— А ваши еще страннее и еще вреднее. Дуйте, дуйте ей, сударыня, в уши-то, что она несчастная, ну и в самом деле увидите несчастную. Москва ведь от грошовой свечи сгорела. Вы вот сегодня все выболтали уж, так и беретесь снова за старую песню.

— Я не болтаю, как вы выражаетесь, и не дую никому в уши, а я…

Но в это время за горою послышались ритмические удары копыт скачущей лошади, и вслед за тем показался знакомый всадник, несшийся во весь опор к спуску.

— Костик! — вскрикнул Бахарев, быстро поднимаясь в тревоге со скамейки.

— Он-с, — так же тревожно отвечал конторщик.

Все встали с своих мест и торопливо пошли к мосту.

Между тем форейтор * Костик, проскакав половину моста, заметил господ и, подняв фуражку, кричал:

— Едут! едут!

— Едут? Где едут? — спрашивал Бахарев, теряясь от волнения.

— Сейчас едут, за меревскими овинами уж.

— А! за овинами… боже мой!.. Смотри, Нарциз… ах боже… — и старик побежал рысью по мосту вдогонку за Гловацким, который уже шагал на той стороне реки, наискось по направлению к довольно крутому спиралеобразному спуску.
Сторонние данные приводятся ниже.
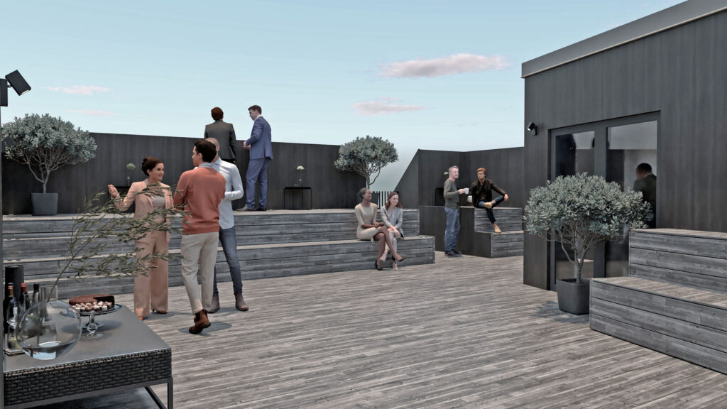 Et stort lyst caféområde med plantevæg og gulvbassin ligger til flot udsigt fra 1. salens balkoner. En tagterrasse er ligeledes en del af tilbygningen med adgang via teknik og trappekerne.

Дамы шли тоже так торопливо, что Ольга Сергеевна, несколько раз споткнувшись на подол своего длинного платья, наконец приостановилась и, обратясь к младшей дочери, сказала:

— Мне неловко совсем идти с Матузалевной, понеси ее, пожалуйста, Сонечка. Да нет, ты ее задушишь; ты все это как-то так делаешь, бог тебя знает! Саша, дружочек, понесите, пожалуйста, вы мою Матузалевну.

Священническая дочь приняла из-под шали Ольги Сергеевны белую кошку и положила ее на свои руки.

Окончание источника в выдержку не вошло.